DATA EXCERPT >>
= = = =

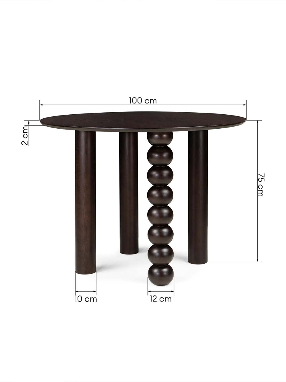 Išoriniai baldo matmenys: ilgis / plotis / aukštis, cm: 100 / 100 / 75.
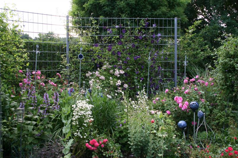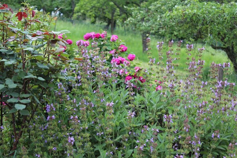 Bei euren gepflegten Gärten getraue ich mich kaum was zu posten. Am Rand von meinem Gemüsebeet habe ich Duftfestival und Rose de Resht gepflanzt, Die Kombination mit gewöhnlichem Gewürzsalbei hat was.
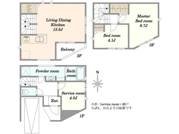 81.35m2(24.6坪)(公簿) 1階:28.99m2 2階:28.99m2 3階:23.37m2 |
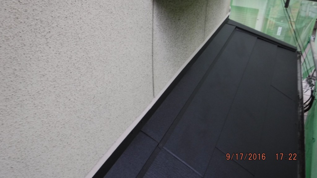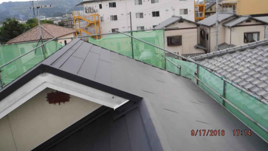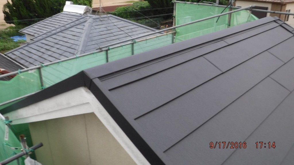 ガルテクト(ガルバリウム鋼板製の薄い屋根材)を貼り上げていく施工方法です

= = = =

The whole listing should be reproduced exactly. Images don't go in.

 Išoriniai baldo matmenys: ilgis / plotis / aukštis, cm: 100 / 100 / 75.
 Bei euren gepflegten Gärten getraue ich mich kaum was zu posten. Am Rand von meinem Gemüsebeet habe ich Duftfestival und Rose de Resht gepflanzt, Die Kombination mit gewöhnlichem Gewürzsalbei hat was.
 81.35m2(24.6坪)(公簿) 1階:28.99m2 2階:28.99m2 3階:23.37m2 |
 ガルテクト(ガルバリウム鋼板製の薄い屋根材)を貼り上げていく施工方法です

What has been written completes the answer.